Glenn Hubbard wants a Constitutional Amendment to Balance the Budget

In his opinion piece, co-authored with Tim Kane, in the New York Times yesterday, Glenn Hubbard advocates the truly horrible idea of a constitutional amendment to balance the budget. That means he wants the government to respond to any economic challenge in the future with one hand tied behind its back and give up a powerful tool in setting fiscal policy.  Imagine what the outcome of World War II would have been without deficit financing or the Civil War for that matter?  The United States has used public debt to finance itself at many crucial junctures, in fact it was born in debt.  This curious fixation that Republican leaning economists and many Republican-lite centrists, I am looking at you Tom Friedman and Steve Rattner, have about debt and the deficit during Democratic administrations is curious to say the least. Where was Hubbard when George W. Bush was  whittling away the carefully built budget surplus by Bill Clinton or when Bush was starting wars without any plans of paying for them?  Was Hubbard concerned about the debt, penning sad and ominous sounding op-eds in the New York Times?

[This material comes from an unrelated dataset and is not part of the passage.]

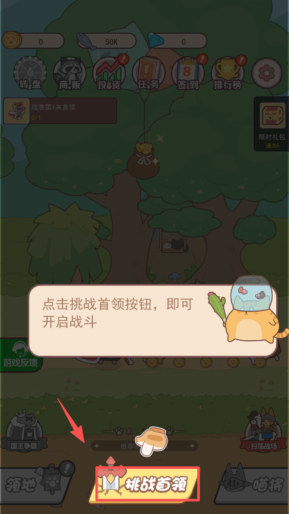 2、在主界面点击 “挑战首领” 按钮,开启与首领的战斗。

No, he was working for the Bush Administration and was the architect of the Bush tax cuts which changed the budget surplus to a budget deficit in the first place.

Why is the current level of debt the biggest problem facing the United States? Hubbard doesn’t explain, except for invoking Admiral Mike Mullen, and Detroit.

TWO years ago, Adm. Mike Mullen, at the time the chairman of the Joint Chiefs of Staff, said that debt was the “single biggest threat to our national security” — not some rogue nation, or terrorist group, but debt. What makes the threat of exploding debt especially dangerous is that it’s not like a faucet that can be easily turned down. Federal, state and city governments in the United States have lost their fiscal grip, and the saga of Detroit’s bankruptcy is just one example.

In fact if you see the chart below, the debt has been at higher levels relative to the GDP. For example after WWII, the era that followed was a period of unprecedented  economic  expansion in the nation’s history.

debt-and-gdp-main6

Since amendments to the constitution are extremely rare, this idea will hopefully die an early death. I think it may be the first salvo in the upcoming battle of raising the debt limit, the Congressional GOP will offer to raise the debt limit if the Democrats agree to a balanced budget amendment.  So lets see, taxes are evil, and  Hubbard and his ilk want no taxes, especially on the wealthy, government can’t use debt to finance itself so how exactly does the government function?

About Hubbard himself, why does this man have any credibility left . He was also consulting for Country Wide Financial, a major lender of the sub-prime loans and  one of the prime culprits behind the housing bubble for $1200/hr. He bought us the Bush tax-cuts, he is by his own admission an advocate of austerity led growth, which says that if you cut the government spending in a recession, economy will grow. This makes no sense because during a recession, when  businesses are holding back their  spending, if the government doesn’t ramp up its spending the economy will contract, not grow.

What should send chills down your spine is the knowledge that he will be making economic policy in any Republican Administration.